Channel 10 presenter Barry Du Bois has opened up in a raw and heartbreaking letter about his ongoing battle with cancer, revealing the devastating moment he was told he had just months to live.

In a deeply personal essay for The Gold Coast Bulletin, the father of two recalled the chilling day a doctor delivered a prognosis that shattered his world: “I had three months to live.”

“I was sitting in a cold, unfamiliar consult room at the hospital, my wife’s hand holding mine … then a doctor who had known me for only a few hours looked me in the eye and told me I had three months to live,” Du Bois wrote.

Du Bois was first diagnosed in 2010 with solitary plasmacytoma, a rare and aggressive form of blood cancer. While he survived that initial battle, the disease returned in 2017 – this time as multiple myeloma, an incurable cancer that attacks the immune system and bone marrow.

Since then, the 63-year-old Living Room star has fought on, defying the odds with remarkable strength and grace. But as he revealed in the letter, his path has been anything but easy.

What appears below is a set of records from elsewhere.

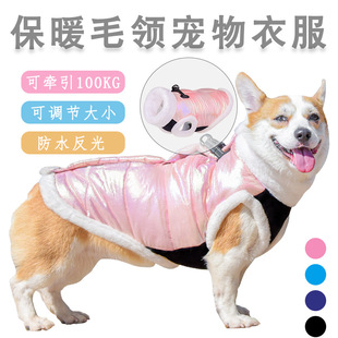 新款宠物衣服秋冬 反光保暖宠物棉衣带牵引狗狗衣服跨境新款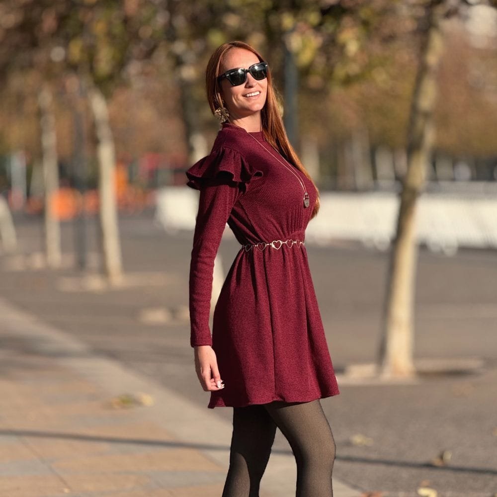 - Detalles: color burdeo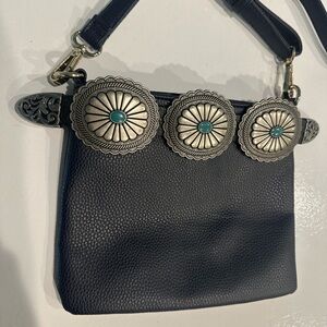 Navy Leather Crossbody with western conchos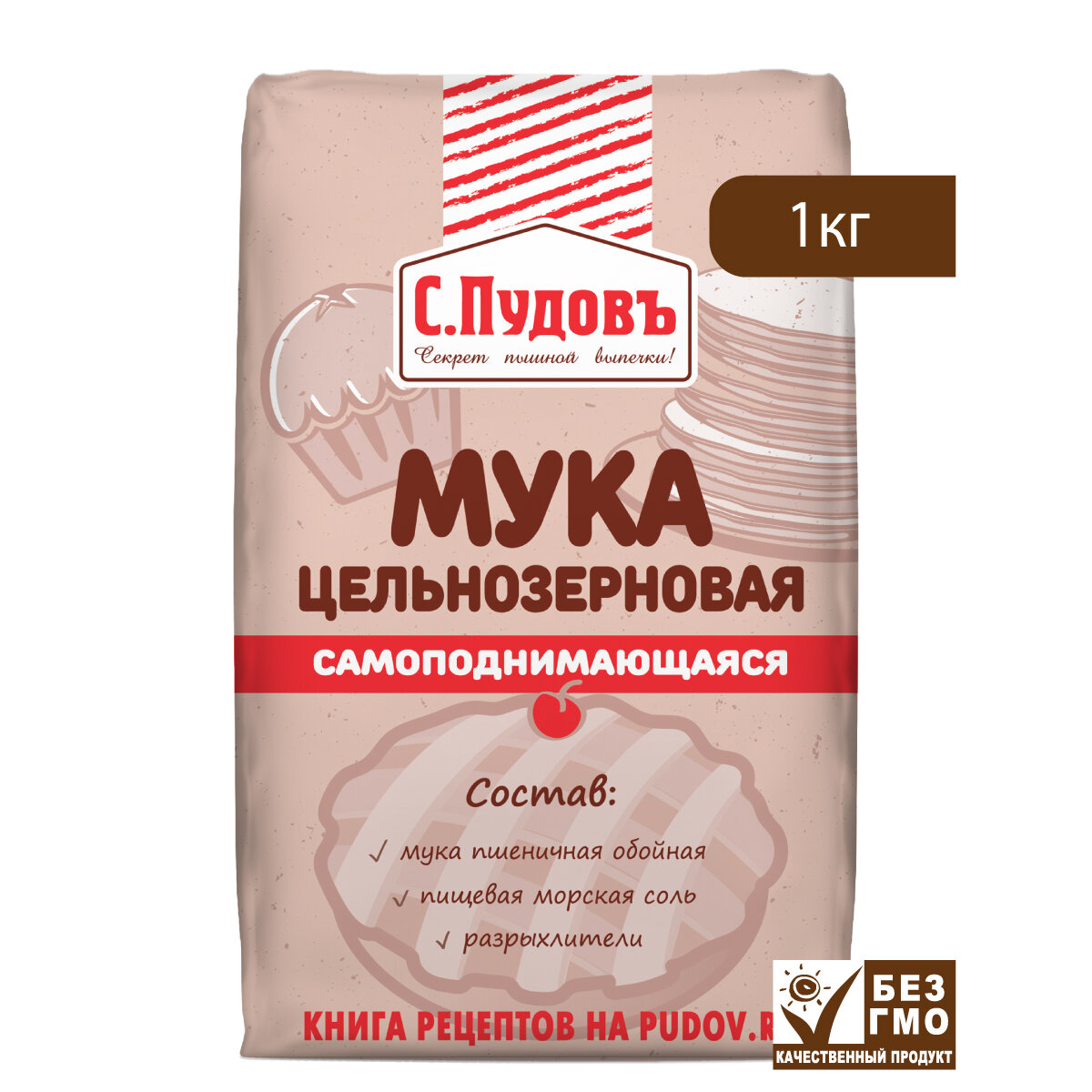 10 цен на Мука цельнозерновая самоподнимающаяся пшеничная хлебопекарная С. Пудовъ, 1 кг

His strength, he said, was forged through years of pain: breaking his back in a 14-metre fall, a gruelling and heartbreaking IVF journey with his wife Leonie that ended in miscarriage, and her own cervical cancer diagnosis just weeks later.

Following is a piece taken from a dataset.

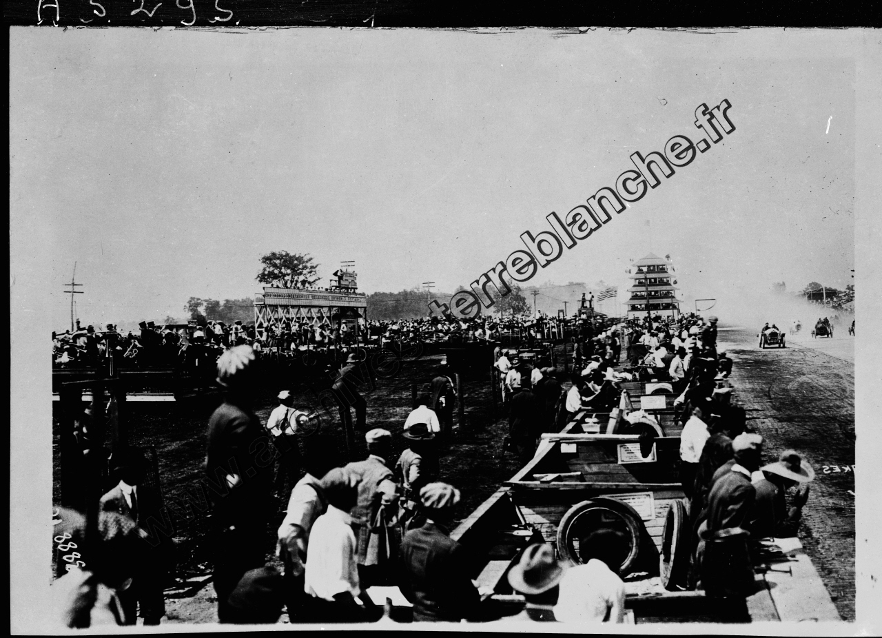Grand Prix d'Indianapolis.- Vue des stands, du public sur le côté gauche et de voitures de course sur le côté droit.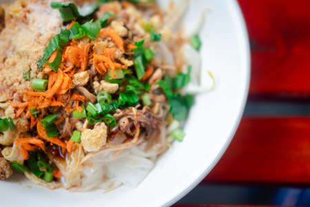 Ancient tube noodle, thai traditional local food, in thai call 'kuay-teaw-lord'. mixture varieties of ingredient that will mix together as a noodle

“When I got my diagnosis – incurable cancer, three months to live – I didn’t fall apart,” he wrote. “I knew that from leaning into the previous adversities of life I had the resilience to give the fight of my life.”

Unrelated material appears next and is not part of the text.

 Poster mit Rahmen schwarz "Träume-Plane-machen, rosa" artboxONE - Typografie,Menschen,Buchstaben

Still, Du Bois admitted there was a time he came perilously close to giving up. After Leonie’s miscarriage and illness, the darkness nearly swallowed him. “I avoided conversation and started a continual negative conversation with myself that took me into the darkness … depression is a lonely state and I refused to share my pain. I saw it as a weakness.”

In the end, it was his family that pulled him back and helped him find purpose again. Since then, Du Bois has become a powerful voice for others fighting chronic illness and mental health struggles, using his platform to share candid updates on life, treatment and the importance of hope.

“I was overwhelmed with fear, uncertainty and the unknown,” he said of that early diagnosis. “But through it all, I realised something that I feel is why I am here today: It wasn’t going to be cancer that defined me but the way I choose to approach it.”

From his early TV days on The Renovators in 2011 to his long-running role on The Living Room alongside Amanda Keller, Miguel Maestre and Dr Chris Brown, Du Bois has become a familiar and much-loved face on Australian screens. But behind the smiles and strength lies a story of extraordinary pain and courage.

His fight continues. And so too does his mission: to live fully, love deeply, and face each day not with fear, but with determination.